CREATE FUNCTION sf_RemoveExtraChars (@NAME nvarchar(50))
RETURNS nvarchar(50)
AS
BEGIN
  declare @TempString nvarchar(100)
  set @TempString = @NAME 
  set @TempString = LOWER(@TempString)
  set @TempString =  replace(@TempString,' ', '')
  set @TempString =  replace(@TempString,'à', 'a')
  set @TempString =  replace(@TempString,'è', 'e')
  set @TempString =  replace(@TempString,'é', 'e')
  set @TempString =  replace(@TempString,'ì', 'i')
  set @TempString =  replace(@TempString,'ò', 'o')
  set @TempString =  replace(@TempString,'ù', 'u')
  set @TempString =  replace(@TempString,'ç', 'c')
  set @TempString =  replace(@TempString,'''', '')
  set @TempString =  replace(@TempString,'`', '')
  set @TempString =  replace(@TempString,'-', '')
  return @TempString
END
GO

just fyi, you don't need to use nvarchar to have accents on your characters. unless you absolutely need it, i recommend converting to varchar — DForck42, Oct 26 '10 at 18:12
NVARCHAR is used to hold Unicode characters. Accented characters are not necessarily Unicode (and most likely they are not). — Alek Davis, Oct 26 '10 at 20:02
yes I know, but the DB I am working on is for policy all nvarchar (bizzarre policy) — UnDiUdin, Oct 27 '10 at 07:26

score 126 · Answer 1 · edited Nov 28 '17 at 13:02

126

The best way to achieve this is very simple and efficient :

SELECT 'àéêöhello!' Collate SQL_Latin1_General_CP1253_CI_AI

which outputs 'aeeohello!'

The string must not be unicode. If you have a nvarchar just cast it to varchar before using the collate.
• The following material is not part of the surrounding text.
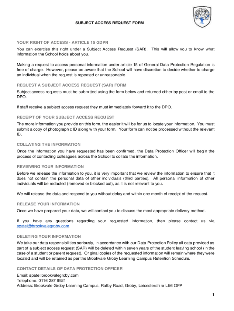 SUBJECT ACCESS REQUEST FORMER RIGHT OF ACCESS ARTICLE 15 GDPR
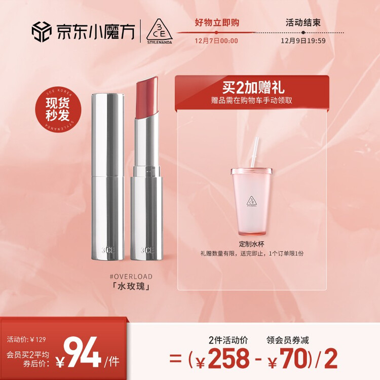 3CE三熹玉银管镜面唇膏网红银管口红化妆品#豆沙粉#OVERLOAD水玫瑰【包装损商品良好】

Here is a function that answers the OP needs :

create function [dbo].[RemoveExtraChars] ( @p_OriginalString varchar(50) )
returns varchar(50) as
begin

  declare @i int = 1;  -- must start from 1, as SubString is 1-based
  declare @OriginalString varchar(100) = @p_OriginalString Collate SQL_Latin1_General_CP1253_CI_AI;
  declare @ModifiedString varchar(100) = '';

  while @i <= Len(@OriginalString)
  begin
    if SubString(@OriginalString, @i, 1) like '[a-Z]'
    begin
      set @ModifiedString = @ModifiedString + SubString(@OriginalString, @i, 1);
    end
    set @i = @i + 1;
  end

  return @ModifiedString

end

Then, the command:

select dbo.RemoveExtraChars('aèàç=.32s df')

outputs

aeacsdf

edited Nov 28 '17 at 13:02

Community

1
1

answered Oct 03 '12 at 19:03

Dominic Goulet

7,983
7
28
56

2

Thanks for upvoting ;-) I really wonder why no one ever use that method, it saved me countless times as I work in french environments. – Dominic Goulet Jan 07 '13 at 12:59
This is really great. Saved me a lot of time. More people should be upvoting this. Actually, this should be the accepted answer since it directly answers the question with a piece of code that works. – paracycle Feb 06 '13 at 18:17
@paracycle I didn't vote for it because it doesn't fully answer the OP's question. Part 2 of the requirement is to strip any character outside the range a..z. The proposed solution `SELECT 'aèàç=.32s df' COLLATE SQL_Latin1_General_CP1253_CI_AI;` outputs `aeac=.32s df`. Rhe `=`, `.`, `3`, `2`, and `` are invalid characters. – Iain Samuel McLean Elder Feb 19 '13 at 10:18
**while @i < Len(@OriginalString)** has to be: **while @i <= Len(@OriginalString)** else it will skip the last letter in the string. Thanks for the solution though! – Tim Geerts Mar 10 '14 at 14:41
The part about converting to varchar in not prominent enough, especially because this answer was not selected, but is the best one in my opinion. select family_name,CONVERT(VARCHAR(99),family_name) collate SQL_Latin1_General_Cp1251_CS_AS FROM people – carlo.borreo Aug 26 '16 at 13:43
@Dominic_Goulet your function does not work if the database has a sensitive collation like CS_AS or binary... You need to add a COLLATE French_CI_AI (as an example) to the line IF SUBSTRING... to correct the code – SQLpro Feb 06 '22 at 08:41

score 7 · Answer 2 · answered Jan 21 '14 at 18:03

7

    SELECT 'áéíóú' COLLATE Cyrillic_General_CI_AI

This will replace all accented chars...

result: aeiou

Hope this help you!

answered Jan 21 '14 at 18:03

Eduardo Caltempa

71
1
1

Interesting, it works well! I have tried to replace some other characteres like the "º" (for degrees representation), but it didn't work as well. – Vladimir Jan 04 '18 at 01:32

Alek Davis · Answer 3 · 2010-10-26T18:56:49.807

Let me clarify something first: the accented characters you show are not actually Unicode (as one answer implies); these are 8-bit ASCII characters. One thing to keep in mind: you see characters like è and à simply because this is how your code page (the code page used by your OS and/or SQL Server [I'm not sure which one]) displays them. In a different code page, these characters would be represented by totally different symbols (e.g. if you use a Cyrillic or Turkish code page).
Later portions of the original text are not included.